It Wasn't the Christmas Miracle

Writers Workshop

Vern Hopkins

Our Montana ranch was on the Valley Creek Road, halfway between Arlee and Ravalli Junction. It laws about a quarter of a mile off the highway and across the Jocko River Bridge to our lane.

One day around the middle of December, a few days before Christmas, I went out in the dark as usual, to do morning chores. There was a skiff of new snow on top of a couple inches of the old. I grained the two saddle horses that I kept up to use for the winter, let my milk cow in the barn, locked her in the station and fed the barn cats.

I milked the cow, let her and her calf out for the day, took my pail of milk and headed for the house. It was light enough to see by then and I noticed what looked like fresh tracks in the snow by the corner of the barn. I took the milk in the house where my wife Kaye was in the middle of fixing breakfast and the kids were getting dressed and ready for school. I told her that I was curious about the tracks I had seen and went back out to check.

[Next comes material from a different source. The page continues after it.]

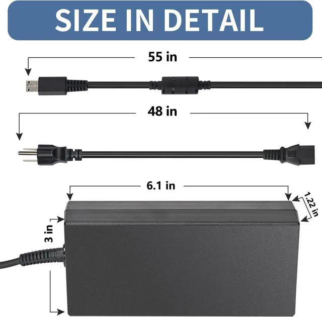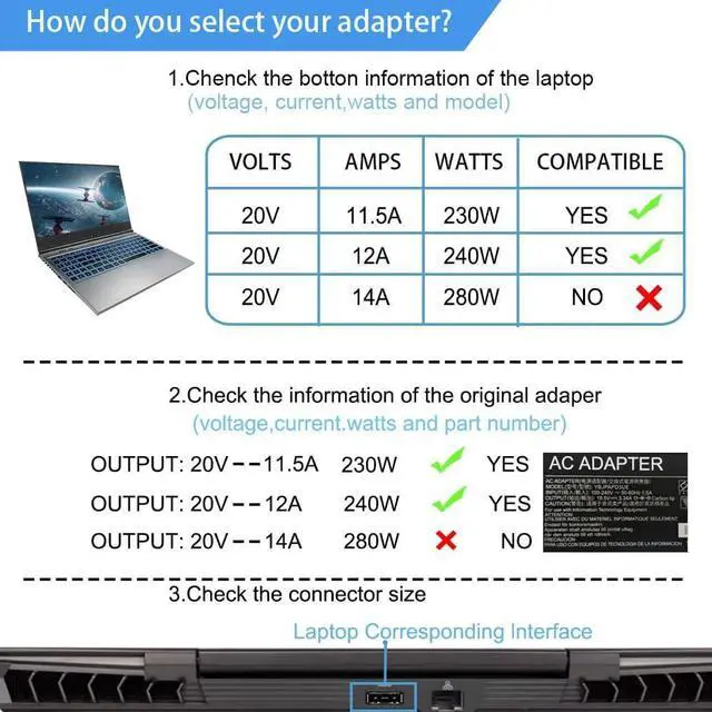 Power: 240W 20V 12A / 230W 20V 11.5A (not 19.5v 11.8a), DC size: USB tip (not 5.5*2.5mm),

On one side of the barn there was a tack room and a couple of tie stalls for the horses. There was a manger for hay at the front of the stalls. Whenever I was going to use a horse for the day, I could saddle up, tie him in the stall and let him have his morning hay and grain.

The tracks were easy enough to read. A set of moccasin prints led from the road, down my lane and right into the horse barn. I went in the barn and looked around. At first I didn’t see anything, but then I looked in the manger and there was Mose Fyant, an old Indian man sound asleep in the hay.

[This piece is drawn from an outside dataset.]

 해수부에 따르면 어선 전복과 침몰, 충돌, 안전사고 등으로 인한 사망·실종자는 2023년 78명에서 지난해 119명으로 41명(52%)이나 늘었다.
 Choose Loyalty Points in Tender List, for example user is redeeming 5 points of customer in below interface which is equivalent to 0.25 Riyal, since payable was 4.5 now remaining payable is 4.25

It didn’t take long to piece the story together. Mose was an old bachelor reservation Indian; good natured and harmless, but was a habitual drunk. He had, no doubt, been drinking at the Log Cabin Bar in Arlee and had been “eighty-sixed” or just decided to walk up the road to Ravalli and the Four Square Bar for a change in company. He probably got sleepy and decided to take a little nap in the handiest place around… my barn.

I didn’t wake him up. I covered him up with some saddle blankets and let him sleep, and went back in to breakfast.

After the kids got on the bus at the end of the lane and left for school, I took a cup of coffee out for Mose and woke him up. He turned me down when I asked him to come in and have some breakfast. He said he didn’t want to waste a good drunk by getting over it too soon. He finished the coffee, brushed some of the hay off his clothes and headed back up the road to Arlee.

I’ll have to say, Mose was pretty content with who he was. Everybody seemed to like him. He got by on his dividend money and commodities from the tribe and appeared to be happy as a bird on a wire.

The stars in the east had disappeared and the morning sun was just casting a golden glow over the snow-capped Mission Mountains. As I watched the old man fading away in the morning mist, I was thinking about the other, “Babe in the manger”. I shook my head and wondered if maybe old Mose could actually be one of those “Wise Men” after all.